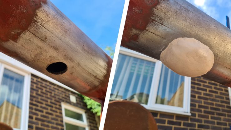 The putty was mixed by hand and formed into a disc around 75mm in diameter, ensuring total coverage of the leak. It was placed over the hole and pushed firmly down onto the pipe for maximum contact.
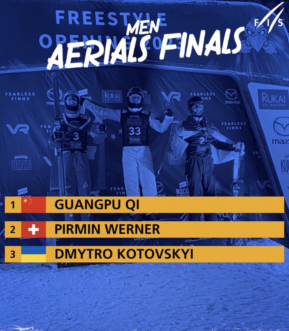 当地时间12月3日,2023-2024赛季国际雪联自由式滑雪世界杯赛季首站在芬兰卢卡开赛。在男子空中技巧决赛中,中国选手、冬奥冠军齐广璞用一枚金牌宣告自己的强势回归。瑞士队选手皮尔明·维尔纳、乌克兰队选手德米特罗·科托夫斯基分获银牌和铜牌。此外,中国队选手王心迪获得第五名,杨龙啸位列第七,李天马名列第十。
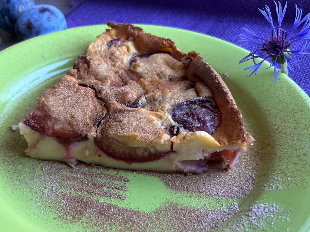 Mikor elkészült a szilvás clafoutis meghintjük fahéjas porcukorral és langyosan tálaljuk.
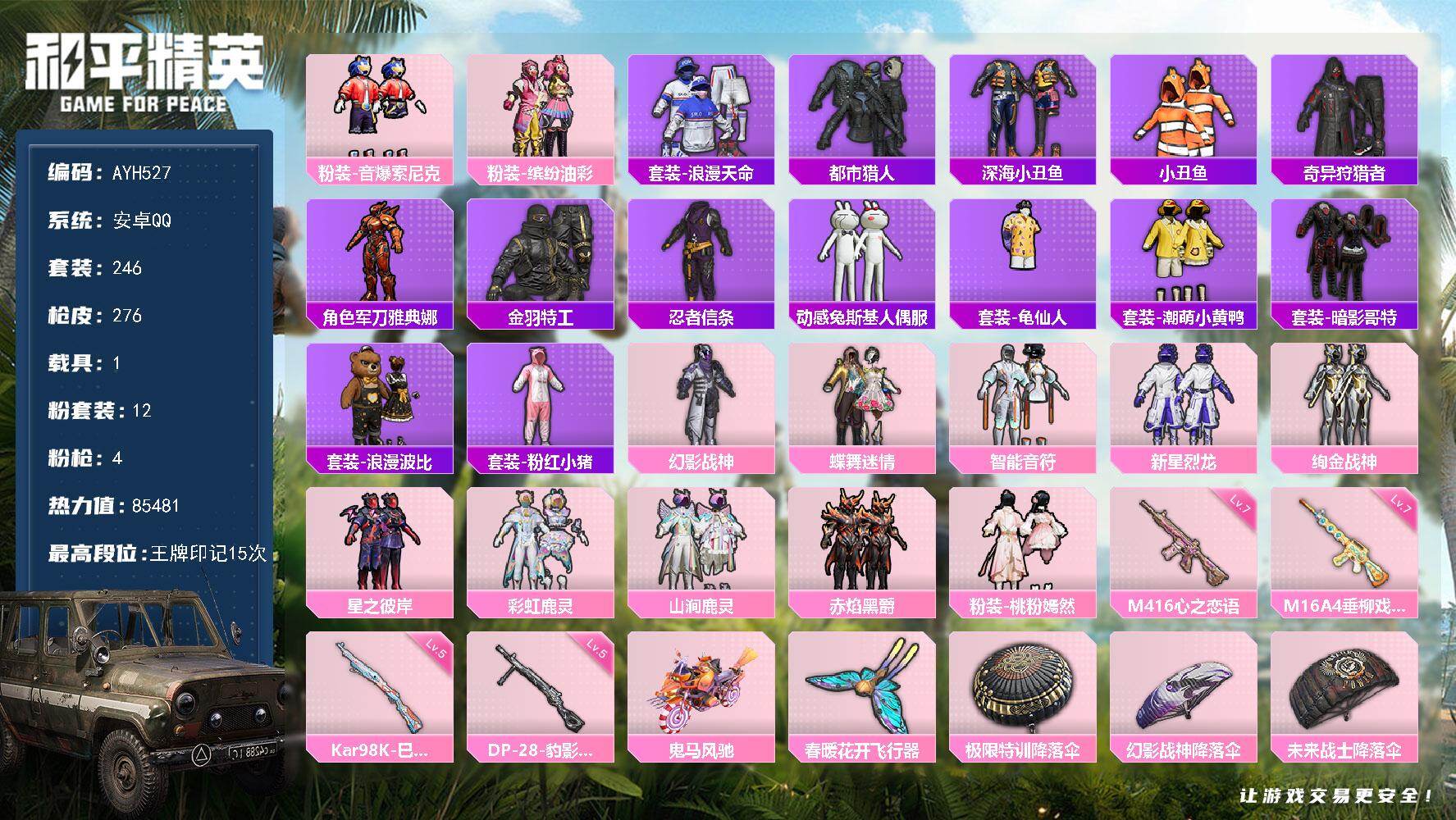 [17712314]地铁满天赋 安卓 手Q-12粉装-4特效枪-1载具-2粉色飞行器-85481热力值-15王牌印记-246套装-276枪皮【热门品类】:粉装-音爆索尼克,粉装-缤纷油彩,套装-浪漫天命,套装-都市猎人,套装-深海小丑鱼,套装-小丑鱼,套装-奇异狩猎者,角色-军刀雅典娜,套装-金羽特工,套装-忍者信条,套装-动感兔斯基人偶服,套装-龟仙人,套装-潮萌小黄鸭,套装-暗影哥特,套装-浪漫波比,套装-粉红小猪【粉色套装】:粉装-幻影战神,粉装-蝶舞迷情,粉装-智能音符,粉装-缤纷油彩,粉装-新星烈龙,粉装-绚金战神,粉装-星之彼岸,粉装-彩虹鹿灵,粉装-山涧鹿灵,粉装-赤焰黑爵,粉装-音爆索尼克,粉装-桃粉嫣然【粉色枪皮等级】:M16A4-垂柳戏鸭(七级),M416-心之恋语(七级),Kar98K-巳巳如意(五级),DP-28-豹影疾电(五级)【粉色载具】:鬼马风驰【粉色枪皮】:M16A4-垂柳戏鸭,M416-心之恋语,Kar98K-巳巳如意,DP-28-豹影疾电【粉色飞行器】:春暖花开飞行器
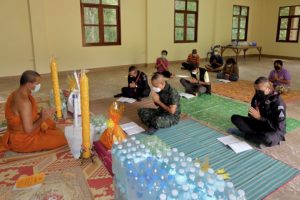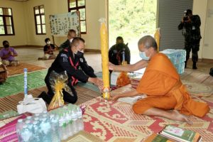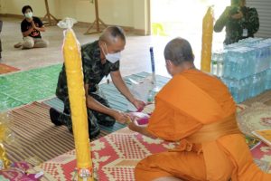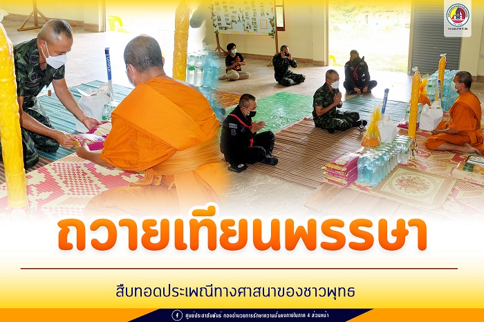 จากสถานการณ์การแพร่ระบาดของโรคโควิด-19 ที่ยังคงเพิ่มขึ้นอย่างต่อเนื่องในขณะนี้ ประกอบกับพื้นที่จังหวัดชายแดนภาคใต้ เป็นพื้นที่ควบคุมสูงสุดเข้มงวด ตามประกาศของ ศบค. โดยห้ามจัดกิจกรรมที่มีความเสี่ยงต่อการแพร่โรคในพื้นที่ อีกทั้งห้ามจัดกิจกรรมซึ่งมีการรวมกลุ่มกันของบุคคลที่มีจำนวนรวมกันมากกว่า 5 คน อันจะเสี่ยงต่อการแพร่ระบาดของเชื้อ ทำให้การจัดกิจกรรมถวายเทียนพรรษาให้แก่วัดต่างๆ ในพื้นที่ไม่สามารถดำเนินการได้โดยสะดวกดังเช่นที่ปฏิบัติมา กองอำนวยการรักษาความมั่นคงภายในภาค 4 ส่วนหน้า จึงได้จัดพิธีมอบเทียนพรรษาให้กับหน่วยเฉพาะกิจในพื้นที่ นำไปถวายให้แก่วัด และสำนักสงฆ์ ในพื้นที่ 3 จังหวัดชายแดนภาคใต้และ 4 อำเภอของจังหวัดสงขลา รวมจำนวน 375 วัด เพื่อทำนุบำรุงพระพุทธศาสนาและสืบทอดประเพณี วัฒนธรรมอันดีงามให้ดำรงคงอยู่ตลอดไป
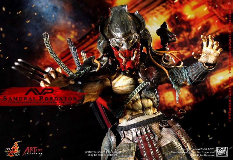 Hot Toys presents the 1:6th scale Samurai Predator the first figure in their new Artist Collection, a collaboration project with great collectible figure artists. The collectible is specially designed and painted by Mr. Takayuki Takeya and sculpted by Mr. Yuji Oniki from Japan featuring the Samurai Predator in warrior look, newly sculpted head and body with articulations, detailed accessories, weaponry and diorama base of Alien’s corpse.
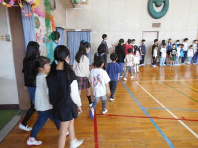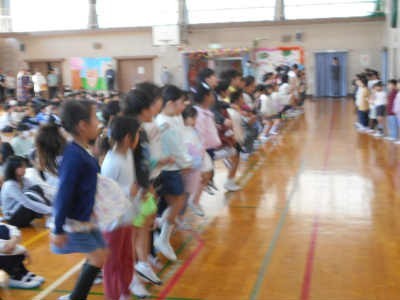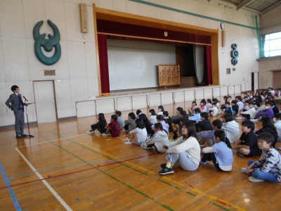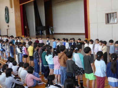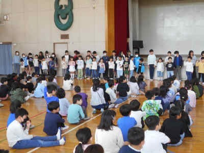 全校児童が体育館に集まり、改めて顔を合わせる「対面朝会(対面式)」が行われました。
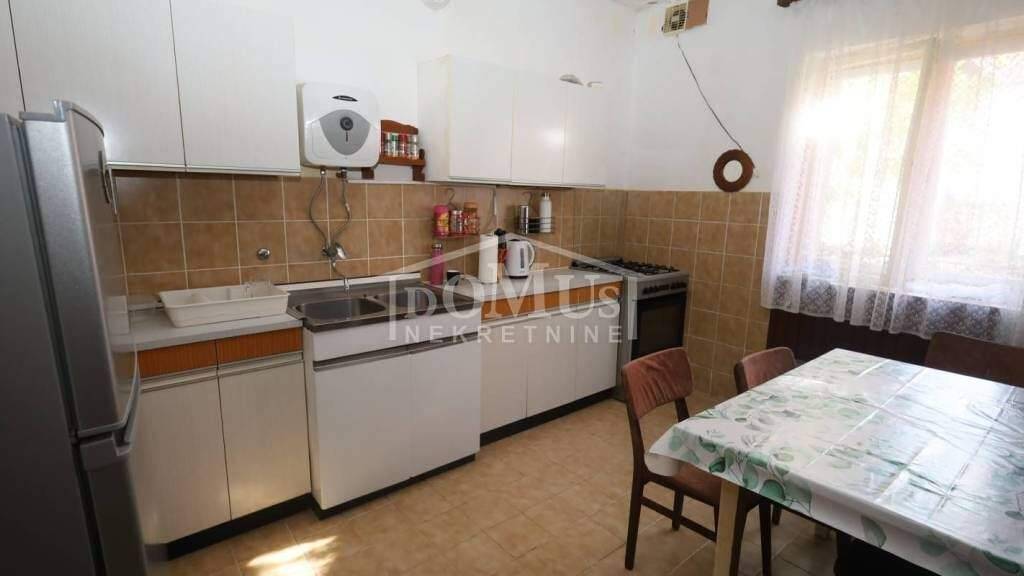 In Pirovac, in ruhiger Lage, befindet sich ein Einfamilienhaus auf drei Etagen (Erdgeschoss + 1. Stock + 2. Stock) mit einer Gesamtwohnfläche von 213,37 m². Im Erdgeschoss befindet sich eine komfortable Zweizimmerwohnung mit Bad, Flur, Küche mit Essbereich und großem Wohnzimmer mit Zugang zu einer Loggia von 18,27 m². Eine Außentreppe führt in den ersten Stock, wo sich eine Wohnung mit drei Schlafzimmern befindet, von denen zwei einen Balkon von 10,02 m² teilen. Außerdem gibt es ein Bad, eine Küche mit Ess- und Wohnbereich, der auf eine Terrasse führt. Der erste Stock ist sowohl durch eine innere als auch eine äußere Treppe mit dem zweiten Stock verbunden. Im zweiten Stock befinden sich zwei Einzimmerapartments mit einem gemeinsamen Balkon. Das Haus verfügt über eine Garage (17,25 m²), einen kleinen Abstellraum und einen Steingrill. Der Hof ist eingezäunt und hat einen angelegten Garten. Die Entfernung zum Meer/Strand beträgt 400 m, und zum Ortszentrum 1.400 m.
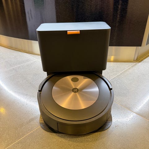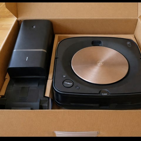 iRobot Roomba s9+ S955840 Robotdammsugare med automatisk smutsutkastning. Enheten är utformad för att rengöra golvytor och har en basstation som automatiskt tömmer dammbehållaren, vilket minskar behovet av manuell tömning. Passar för användning i hem med olika golvtyper.
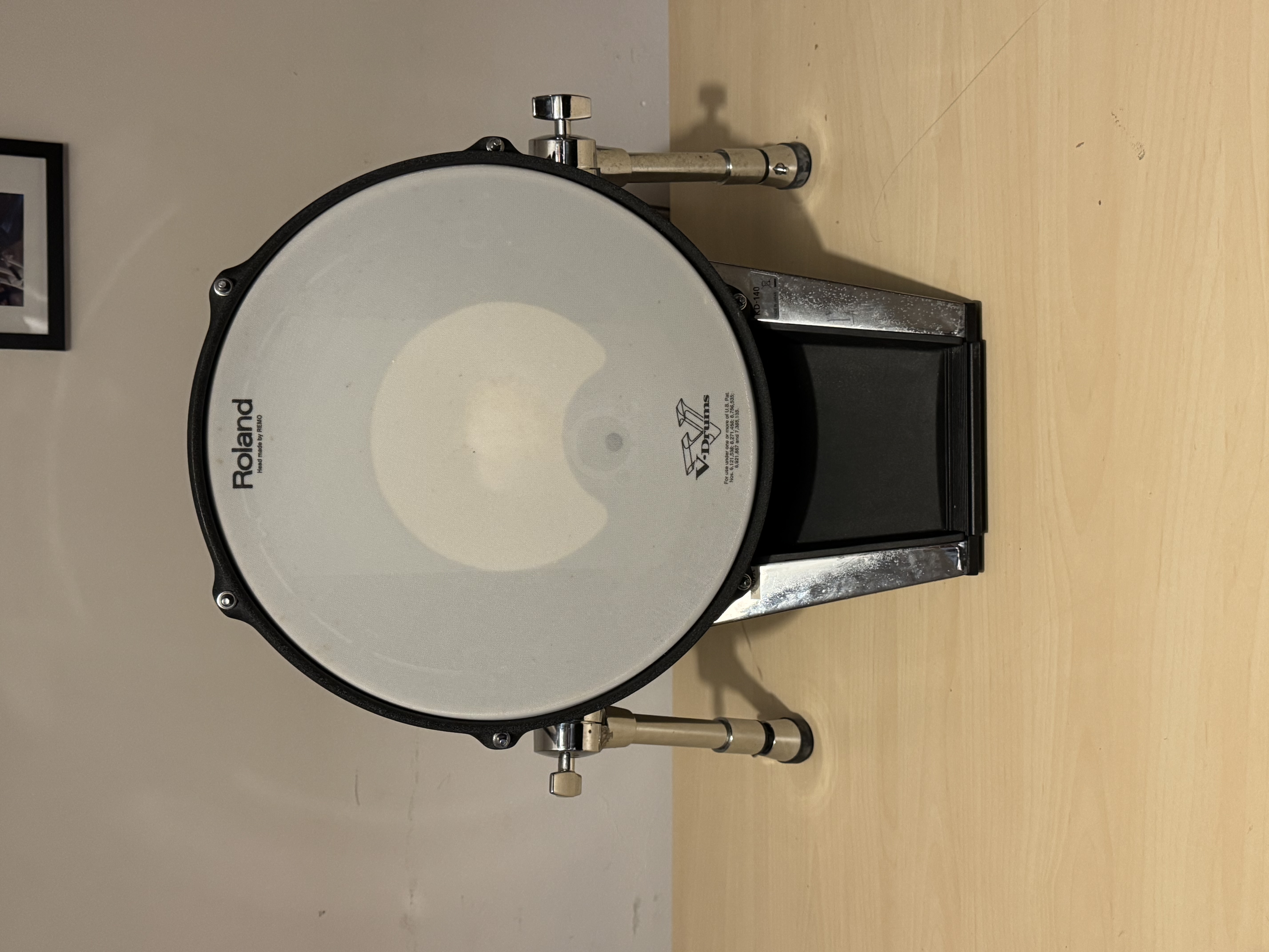 Attention monstre de 11Kg (50cm de haut !), ultra stable. Pad de grosse caisse Roland KD-140 (série V-Kick), diamètre 14", avec vraie peau maillée et châssis métal très robuste pour une sensation proche d’une grosse caisse acoustique.Surface de frappe large et très réactive, parfaite pour les doubles pédales et le jeu puissant comme pour les nuances plus légères.
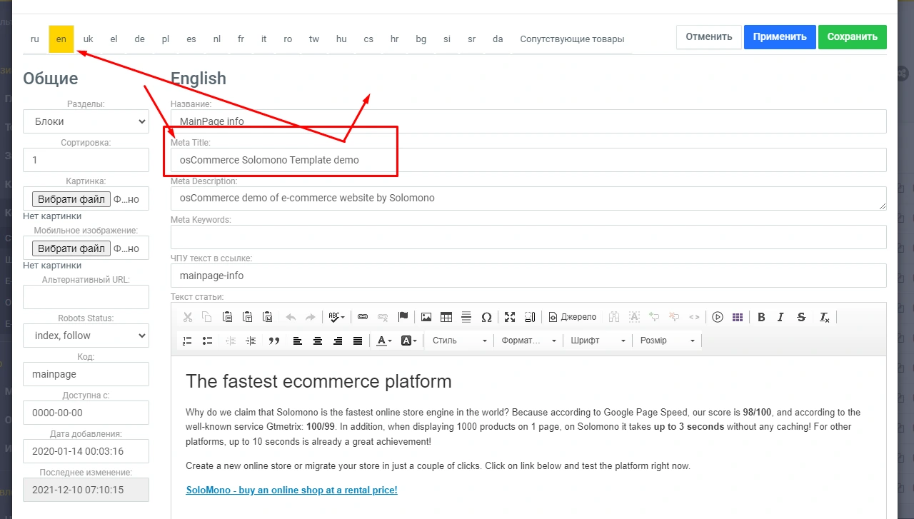 In the window that opens, in the Meta Title prescribe the desired text (in all available languages):
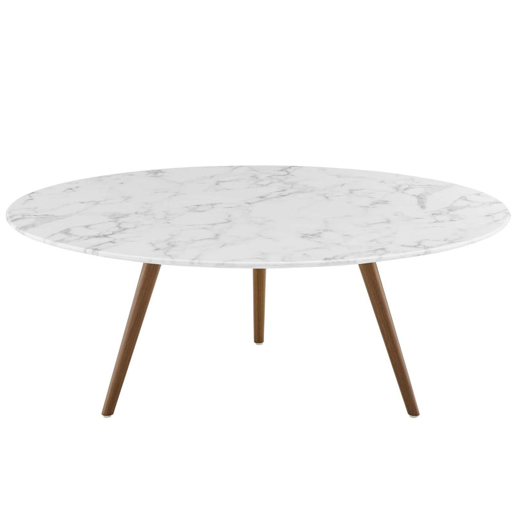 Reflecting a seamless organic shape and timeless form, the Lippa Table has become a symbol of modernism for over the past 60 years. Before its release, homes were filled with clunky remnants of an industrial age long gone by. But in order to advance into the new world, homes first had to transition from the traditional square table, into a piece that connoted progress. A twist on the original design, this coffee table features a round walnut veneer MDF table top lacquered with a scratch-resistant finish and tripod base with tapered walnut stained dowel legs. This rendition of Lippa is a coffee table that's perfect for the living room, lounge area, or home office.
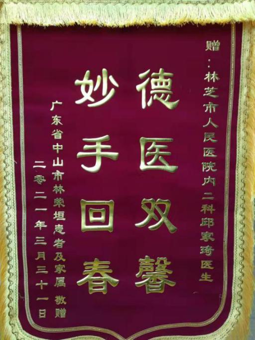 阳春三月,林芝桃花盛开,广东省中山市的一位游客林先生自驾游西藏。3月26日在昌都市八宿县,林生出现晕厥,吸氧后神志恢复,未予重视,继续驱车前行。3月27日到了林芝市波密县,林先生出现神志不清,全身紫绀,伴有右侧肢体无力、失语,在当地医院吸氧、输液后症状无好转,当地医院马上转林芝市人民医院就诊,入院时测血氧饱和度仅64%,查CT示;双肺水肿,左侧基底节脑梗死,脑水肿。被收住院后即予气管插管,接呼吸机辅助通气,并予激素抗炎、脱水、平喘、预防感染、抗血小板、调脂、改善循环、开放侧支循环等治疗。因抢救及时,3天后复查CT示肺部渗出明显减少,头颅CT未见明显脑水肿,予脱机拔除气管插管,并予床边康复治疗,林先生症状明显好转,于4月4日出院,转回中山市继续康复治疗。目前患者无明显后遗症,已经重返工作岗位。家属为表示感谢,特意从广东寄来一面锦旗。
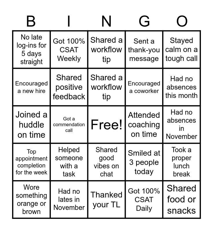 This bingo card has a free space and 24 words: Helped someone with a task, Had no lates in November, Shared a workflow tip, Wore something orange or brown, Stayed calm on a tough call, No late log-ins for 5 days straight, Encouraged a new hire, Got 100% CSAT Weekly, Attended coaching on time, Shared good vibes on chat, Encouraged a coworker, Joined a huddle on time, Smiled at 3 people today, Took a proper lunch break, Shared positive feedback, Got 100% CSAT Daily, Had no absences in November, Shared a workflow tip, Had no absences this month, Got a commendation call, Shared food or snacks, Top appointment completion for the week, Sent a thank-you message and Thanked your TL.

***

YOUR OBJECTIVE -> Once the pictures are set aside, repeat the data above exactly.

COMPLETED TASK ->
 The putty was mixed by hand and formed into a disc around 75mm in diameter, ensuring total coverage of the leak. It was placed over the hole and pushed firmly down onto the pipe for maximum contact.
 当地时间12月3日,2023-2024赛季国际雪联自由式滑雪世界杯赛季首站在芬兰卢卡开赛。在男子空中技巧决赛中,中国选手、冬奥冠军齐广璞用一枚金牌宣告自己的强势回归。瑞士队选手皮尔明·维尔纳、乌克兰队选手德米特罗·科托夫斯基分获银牌和铜牌。此外,中国队选手王心迪获得第五名,杨龙啸位列第七,李天马名列第十。
 Mikor elkészült a szilvás clafoutis meghintjük fahéjas porcukorral és langyosan tálaljuk.
 [17712314]地铁满天赋 安卓 手Q-12粉装-4特效枪-1载具-2粉色飞行器-85481热力值-15王牌印记-246套装-276枪皮【热门品类】:粉装-音爆索尼克,粉装-缤纷油彩,套装-浪漫天命,套装-都市猎人,套装-深海小丑鱼,套装-小丑鱼,套装-奇异狩猎者,角色-军刀雅典娜,套装-金羽特工,套装-忍者信条,套装-动感兔斯基人偶服,套装-龟仙人,套装-潮萌小黄鸭,套装-暗影哥特,套装-浪漫波比,套装-粉红小猪【粉色套装】:粉装-幻影战神,粉装-蝶舞迷情,粉装-智能音符,粉装-缤纷油彩,粉装-新星烈龙,粉装-绚金战神,粉装-星之彼岸,粉装-彩虹鹿灵,粉装-山涧鹿灵,粉装-赤焰黑爵,粉装-音爆索尼克,粉装-桃粉嫣然【粉色枪皮等级】:M16A4-垂柳戏鸭(七级),M416-心之恋语(七级),Kar98K-巳巳如意(五级),DP-28-豹影疾电(五级)【粉色载具】:鬼马风驰【粉色枪皮】:M16A4-垂柳戏鸭,M416-心之恋语,Kar98K-巳巳如意,DP-28-豹影疾电【粉色飞行器】:春暖花开飞行器
 จากสถานการณ์การแพร่ระบาดของโรคโควิด-19 ที่ยังคงเพิ่มขึ้นอย่างต่อเนื่องในขณะนี้ ประกอบกับพื้นที่จังหวัดชายแดนภาคใต้ เป็นพื้นที่ควบคุมสูงสุดเข้มงวด ตามประกาศของ ศบค. โดยห้ามจัดกิจกรรมที่มีความเสี่ยงต่อการแพร่โรคในพื้นที่ อีกทั้งห้ามจัดกิจกรรมซึ่งมีการรวมกลุ่มกันของบุคคลที่มีจำนวนรวมกันมากกว่า 5 คน อันจะเสี่ยงต่อการแพร่ระบาดของเชื้อ ทำให้การจัดกิจกรรมถวายเทียนพรรษาให้แก่วัดต่างๆ ในพื้นที่ไม่สามารถดำเนินการได้โดยสะดวกดังเช่นที่ปฏิบัติมา กองอำนวยการรักษาความมั่นคงภายในภาค 4 ส่วนหน้า จึงได้จัดพิธีมอบเทียนพรรษาให้กับหน่วยเฉพาะกิจในพื้นที่ นำไปถวายให้แก่วัด และสำนักสงฆ์ ในพื้นที่ 3 จังหวัดชายแดนภาคใต้และ 4 อำเภอของจังหวัดสงขลา รวมจำนวน 375 วัด เพื่อทำนุบำรุงพระพุทธศาสนาและสืบทอดประเพณี วัฒนธรรมอันดีงามให้ดำรงคงอยู่ตลอดไป
 Hot Toys presents the 1:6th scale Samurai Predator the first figure in their new Artist Collection, a collaboration project with great collectible figure artists. The collectible is specially designed and painted by Mr. Takayuki Takeya and sculpted by Mr. Yuji Oniki from Japan featuring the Samurai Predator in warrior look, newly sculpted head and body with articulations, detailed accessories, weaponry and diorama base of Alien’s corpse.
 全校児童が体育館に集まり、改めて顔を合わせる「対面朝会(対面式)」が行われました。
 In Pirovac, in ruhiger Lage, befindet sich ein Einfamilienhaus auf drei Etagen (Erdgeschoss + 1. Stock + 2. Stock) mit einer Gesamtwohnfläche von 213,37 m². Im Erdgeschoss befindet sich eine komfortable Zweizimmerwohnung mit Bad, Flur, Küche mit Essbereich und großem Wohnzimmer mit Zugang zu einer Loggia von 18,27 m². Eine Außentreppe führt in den ersten Stock, wo sich eine Wohnung mit drei Schlafzimmern befindet, von denen zwei einen Balkon von 10,02 m² teilen. Außerdem gibt es ein Bad, eine Küche mit Ess- und Wohnbereich, der auf eine Terrasse führt. Der erste Stock ist sowohl durch eine innere als auch eine äußere Treppe mit dem zweiten Stock verbunden. Im zweiten Stock befinden sich zwei Einzimmerapartments mit einem gemeinsamen Balkon. Das Haus verfügt über eine Garage (17,25 m²), einen kleinen Abstellraum und einen Steingrill. Der Hof ist eingezäunt und hat einen angelegten Garten. Die Entfernung zum Meer/Strand beträgt 400 m, und zum Ortszentrum 1.400 m.
 iRobot Roomba s9+ S955840 Robotdammsugare med automatisk smutsutkastning. Enheten är utformad för att rengöra golvytor och har en basstation som automatiskt tömmer dammbehållaren, vilket minskar behovet av manuell tömning. Passar för användning i hem med olika golvtyper.
 Attention monstre de 11Kg (50cm de haut !), ultra stable. Pad de grosse caisse Roland KD-140 (série V-Kick), diamètre 14", avec vraie peau maillée et châssis métal très robuste pour une sensation proche d’une grosse caisse acoustique.Surface de frappe large et très réactive, parfaite pour les doubles pédales et le jeu puissant comme pour les nuances plus légères.
 In the window that opens, in the Meta Title prescribe the desired text (in all available languages):
 Reflecting a seamless organic shape and timeless form, the Lippa Table has become a symbol of modernism for over the past 60 years. Before its release, homes were filled with clunky remnants of an industrial age long gone by. But in order to advance into the new world, homes first had to transition from the traditional square table, into a piece that connoted progress. A twist on the original design, this coffee table features a round walnut veneer MDF table top lacquered with a scratch-resistant finish and tripod base with tapered walnut stained dowel legs. This rendition of Lippa is a coffee table that's perfect for the living room, lounge area, or home office.
 阳春三月,林芝桃花盛开,广东省中山市的一位游客林先生自驾游西藏。3月26日在昌都市八宿县,林生出现晕厥,吸氧后神志恢复,未予重视,继续驱车前行。3月27日到了林芝市波密县,林先生出现神志不清,全身紫绀,伴有右侧肢体无力、失语,在当地医院吸氧、输液后症状无好转,当地医院马上转林芝市人民医院就诊,入院时测血氧饱和度仅64%,查CT示;双肺水肿,左侧基底节脑梗死,脑水肿。被收住院后即予气管插管,接呼吸机辅助通气,并予激素抗炎、脱水、平喘、预防感染、抗血小板、调脂、改善循环、开放侧支循环等治疗。因抢救及时,3天后复查CT示肺部渗出明显减少,头颅CT未见明显脑水肿,予脱机拔除气管插管,并予床边康复治疗,林先生症状明显好转,于4月4日出院,转回中山市继续康复治疗。目前患者无明显后遗症,已经重返工作岗位。家属为表示感谢,特意从广东寄来一面锦旗。
 This bingo card has a free space and 24 words: Helped someone with a task, Had no lates in November, Shared a workflow tip, Wore something orange or brown, Stayed calm on a tough call, No late log-ins for 5 days straight, Encouraged a new hire, Got 100% CSAT Weekly, Attended coaching on time, Shared good vibes on chat, Encouraged a coworker, Joined a huddle on time, Smiled at 3 people today, Took a proper lunch break, Shared positive feedback, Got 100% CSAT Daily, Had no absences in November, Shared a workflow tip, Had no absences this month, Got a commendation call, Shared food or snacks, Top appointment completion for the week, Sent a thank-you message and Thanked your TL.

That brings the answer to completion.